What Is Catalog Readiness? (It's Not the Same as Clean PIM Data)
Catalog readiness is whether each SKU carries enough structured signal for an AI agent to retrieve, filter, compare, and transact on it — without a human catching exceptions. PIM completeness measures something different.
Here's what catalog readiness failures actually look like in practice.
A buyer asks ChatGPT Shopping: "Heavy-duty degreaser safe for aluminum engine components." Your product doesn't appear. It's listed as "industrial cleaner" with material compatibility set to "metal surfaces." That's not specific enough for the filter. The agent excluded it before forming a shortlist.
A buyer asks Gemini: "6-inch round duct fittings for residential HVAC, in-stock." Your fitting isn't in the results. The sub-category field is blank. The agent couldn't place the product correctly.
A buyer asks Perplexity: "Stainless steel hex bolts, grade 5, pack of 50." Your product shows up in retrieval. It disappears at the filter step. The grade field says "high-strength" — not the same as grade 5, and the agent won't guess.
These aren't ranking failures. They're filter failures. The product existed in the catalog, was retrieved, and was dropped before any recommendation formed. No error notice. No suppression flag. Just silence.
Your PIM dashboard shows 94% field completeness. Your channel suppression rate is 22%. Both numbers are accurate. The gap between them is what catalog readiness measures.
Why "clean data" stopped being a useful north star
Three years ago, "clean" meant field fill rate above 90%. That was enough for manual review workflows and basic feed validation. Today it isn't.
Two things changed at the same time.
Channels raised their standards continuously. The fields that passed validation two years ago fail today. Taxonomy structures change quarterly. Compliance requirements shift by jurisdiction and product category. A product that was correctly classified at onboarding may now be misclassified — with no notification.
AI agents introduced a new filter layer. ChatGPT Shopping, Perplexity, Google AI Overview, and Gemini Shopping all work the same way: retrieve a candidate set, filter it against structured constraints, compare what's left, recommend the best match. A product with missing compatibility data fails the filter. A product with an incorrect hazmat flag fails the filter. There is no ranking penalty to diagnose — the product simply isn't in the consideration set.

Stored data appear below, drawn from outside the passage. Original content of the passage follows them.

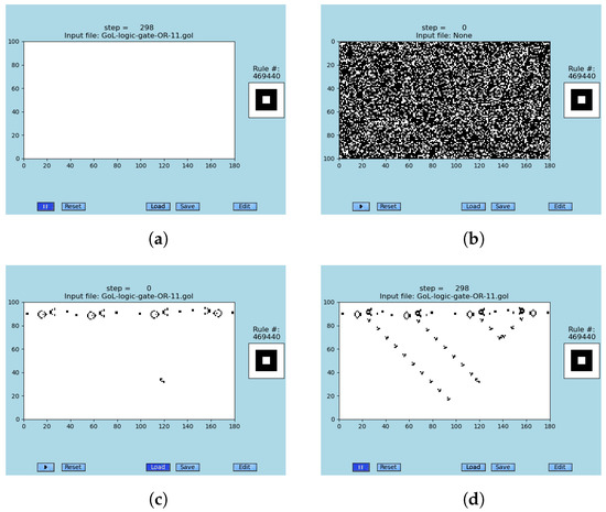 The principles of CA simulations and emergence are explained in the simulation of the cellular automaton ‘Game of Life’ [4,29]: (a) empty matrix, step #298; (b) random matrix, step #0; (c) predefined initial configuration, step #0; and (d) simulation of the case ‘c’, step #298. Those simulations are not error-resilient. (a) No output: an empty matrix without any initialized alive cells with a embedded local rule gives empty output. (b) Random input: step #0, a matrix with a random initial configuration; the local rule will lead to the evolution. (c) The logic-gate OR: the initial configuration at step #0; see [79] for animations. (d) The logic-gate OR: the configuration at step #298; see [79] for animations.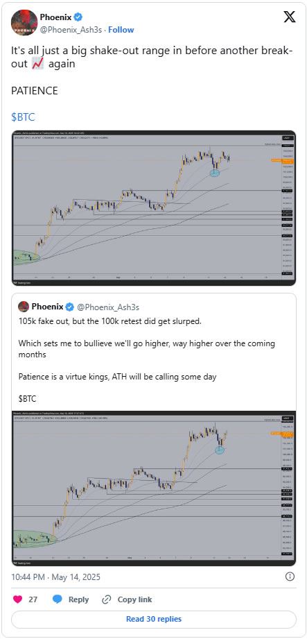 也有人认为,比特币牛市可能快要结束了,但短期内还是有机会再创新高的。如果能突破108000美元的阻力位,甚至有可能冲到120000美元。当然,这只是其中一种看法。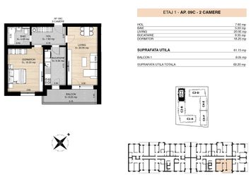 STU - SUPRAFAȚA TOTALĂ UTILĂ: 69.2 mp,SUPRAFAȚĂ TERASE/BALCOANE: 8.05 mp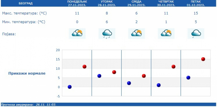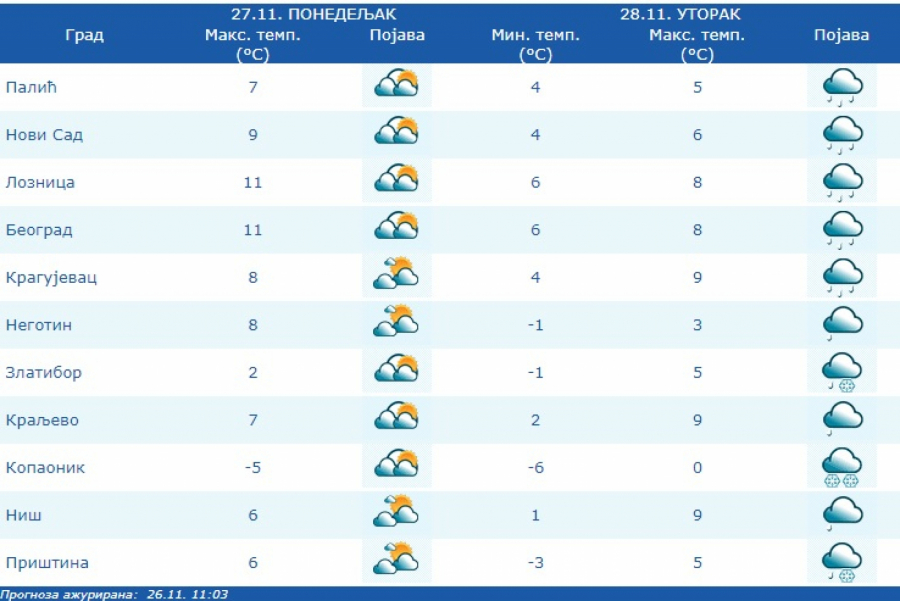 Uveče postepeno naoblačenje koje će tokom noći usloviti slabu kišu. Vetar slab i umeren, jugozapadni, a uveče u skretanju na jugoistočni pravac. Jutarnja temperatura od -3 do 0, najviša dnevna oko 11 stepeni.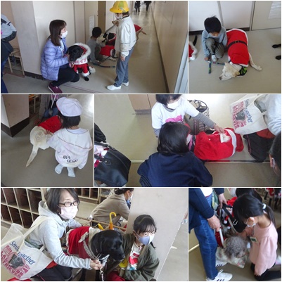 特別支援学級では、定期的にセラピードッグを行っています。休み時間には、多くの子が近くに来て、癒やされていました。
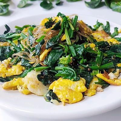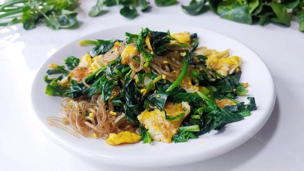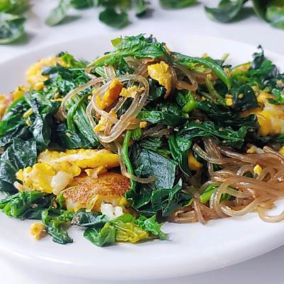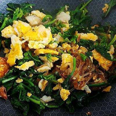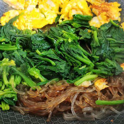 5、顺手划拉均匀扔上早焯水过凉握干改大段嫩菠菜。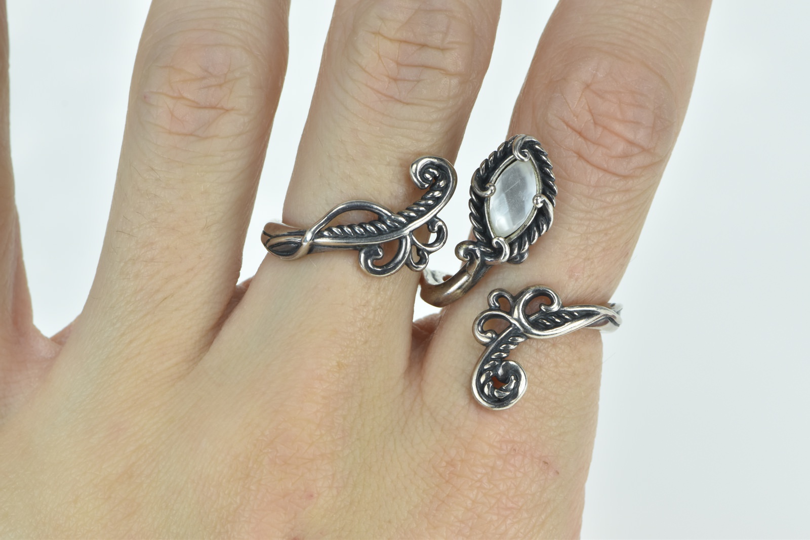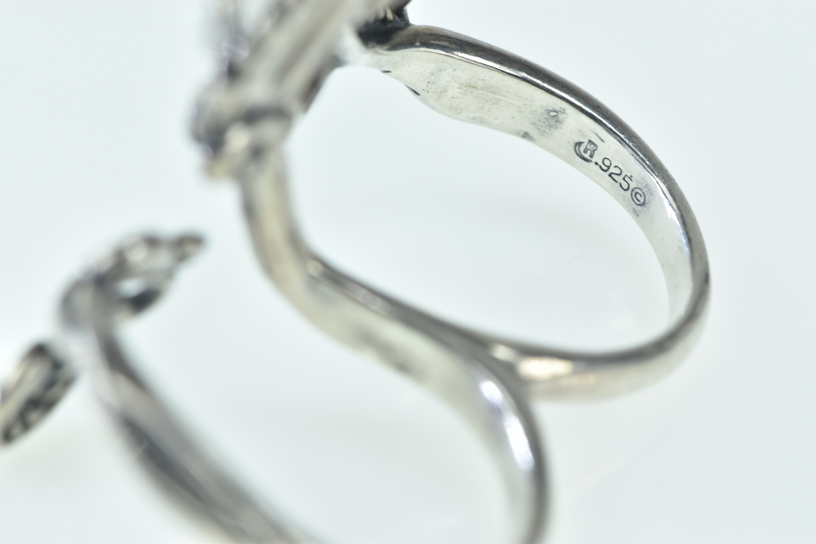 Sterling Silver Scroll Filigree Two Finger Wrap Vine Ring, Size 9.5/7.75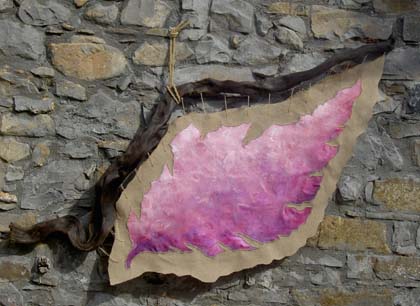 Acrylic on hand-made paper,stitched together, and hung by a tree/root-system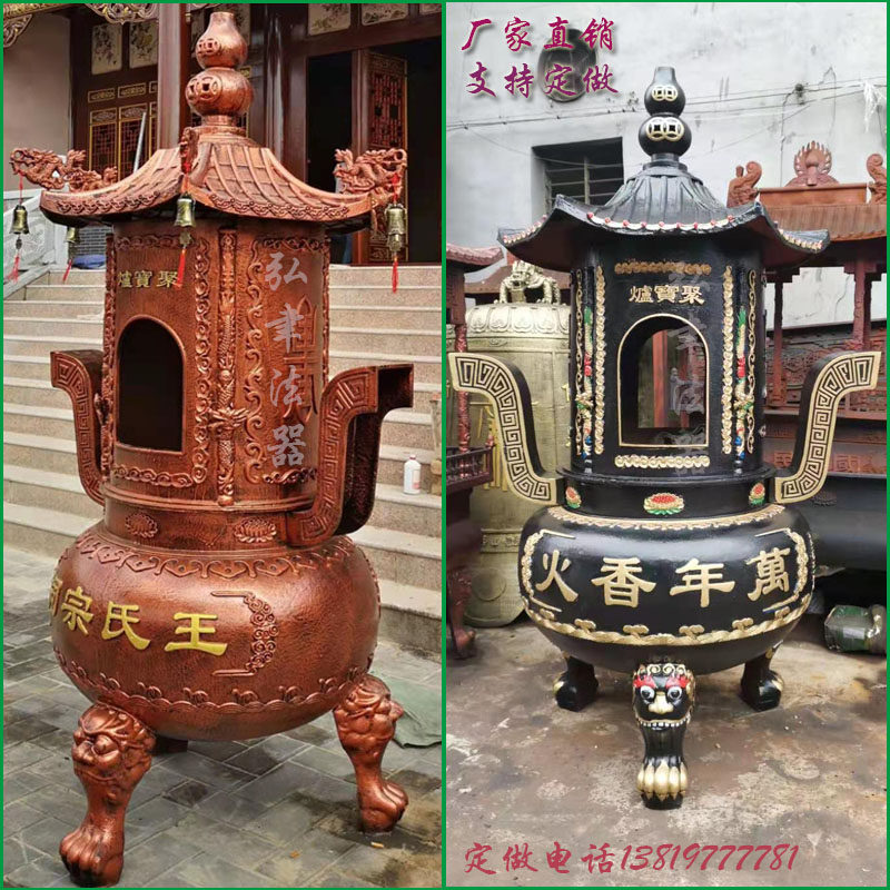 Temple Burn Paper Stove Poly-Treasure Furnace Road View Ancestral Hall Graveyard Cast-iron Pure Copper Outdoor Chemical Money Furnace Ancestral Hall Raw Iron Incineration Furnace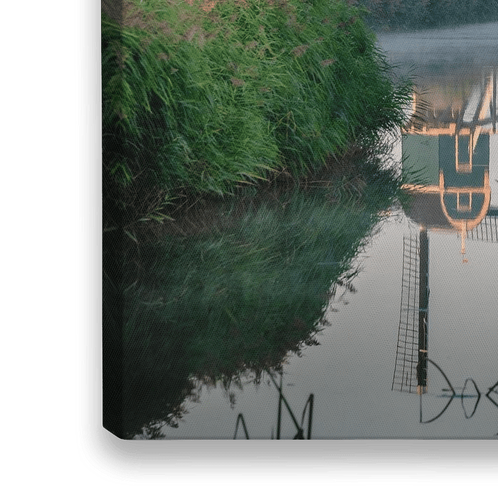 Entlang des Wassers wächst ein voller Schilfgürtel. An diesem frühen Morgen ist es fast windstill. Dadurch spiegelt sich die Mühle schön im Wasser.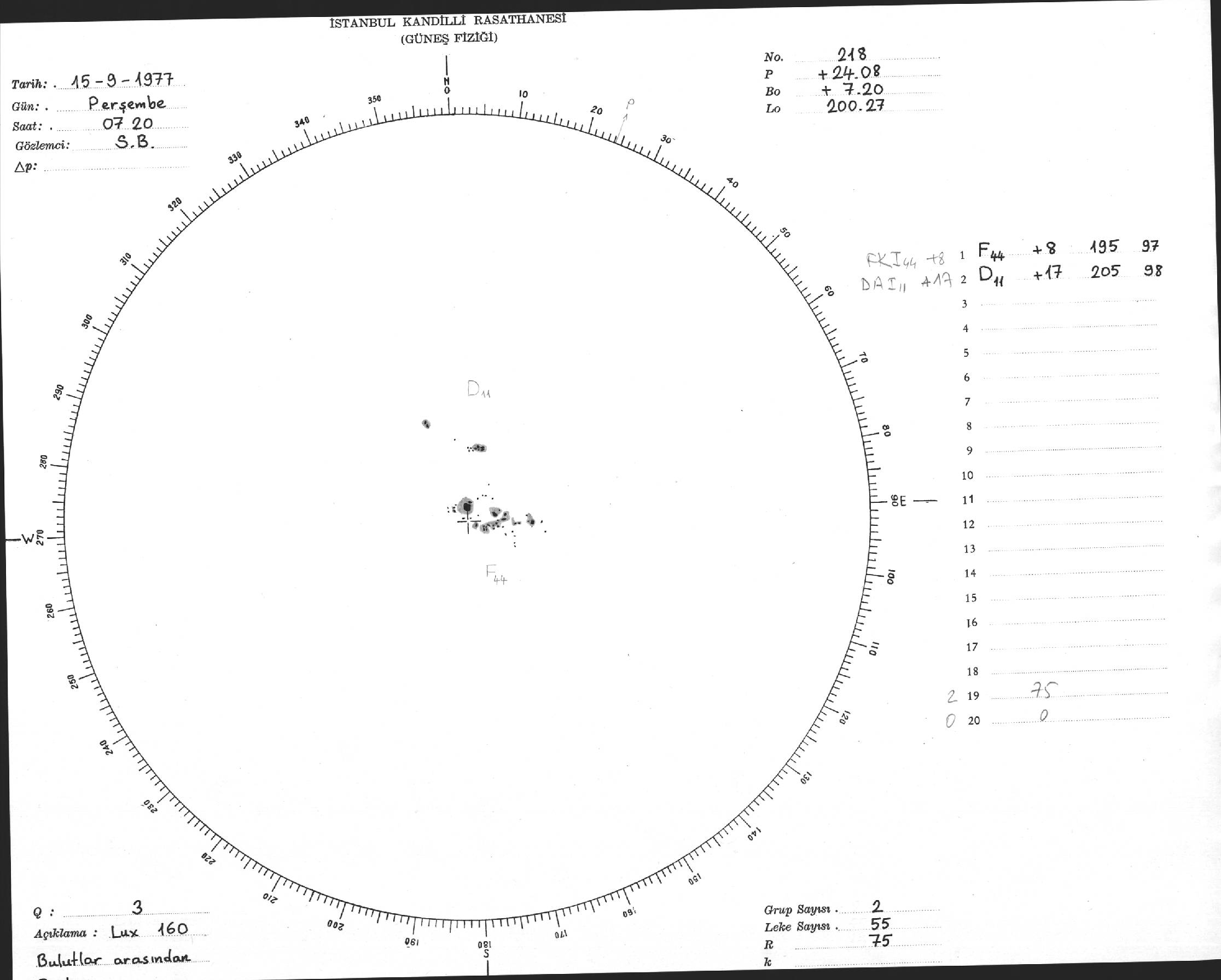 Güneş Lekesi Çizimi - 15.09.1977

Visibility = structure. Not copy quality. Not keyword density. Structure.
The definition that matters now
Catalog readiness is the degree to which each SKU can be acted on by an automated system — found, filtered, compared, and transacted — without routing to a human exception queue.
A product that passes retrieval but fails the compatibility filter isn't ranked lower. It disappears. A product with a valid global identifier but wrong taxonomy lands in the wrong browse category regardless of how well its attributes are filled. A product with placeholder values in required fields passes your completeness check and fails channel submission.
These aren't the same problem. They fail at different points in the pipeline and require different fixes.
The three readiness buckets
| Bucket | What it covers | What "ready" looks like |
|---|---|---|
| Discovery | Brand identity, global identifiers, taxonomy, core attributes, compatibility and fitment | AI agents can find, identify, filter, and compare the product against buyer constraints |
| Compliance | Hazmat flags, multipack signals, restricted product status, tax category | Product can be published and sold without triggering channel rejections or post-listing suspensions |
| Content | Description specificity, use cases stated, no placeholder values, consistent specs | AI agents can reason about the product and form a confident recommendation |
PIM completeness scores none of these correctly. It measures field presence — not value correctness, not channel alignment, not compliance signal accuracy.
A field that says "metal surfaces" instead of "aluminum, carbon fiber, steel" is complete. It is not ready.
Readiness is a continuous state, not a project outcome
Enrichment is a project. You run it once, fix the gaps, and the catalog looks right for a few months. Then new suppliers join. Products get updated. Taxonomies change. Compliance rules shift. The drift starts again.
Readiness is different. Maintaining it means running the checks every time something changes — not on a quarterly schedule. When a supplier sends a new file, the identity checks run. When a channel updates its taxonomy, affected products get re-evaluated. When a product description changes, compliance signals get re-assessed.
A catalog that was ready last quarter may not be ready today — not because anything was done wrong, but because the channels it publishes to kept moving.
How to assess where you stand today
The fastest way to understand your current readiness is to score each product across the three buckets. The gaps that matter most are usually in Discovery first — brand normalization failures, wrong taxonomy, missing identifiers. A product with perfect content still gets suppressed if its taxonomy is wrong or its compliance signals are missing.
Fix Discovery and Compliance gaps before investing in Content. The order matters. A buyer asking Gemini for "food-safe industrial degreasers" won't see your product if the hazmat flag is missing — regardless of how specific your description is.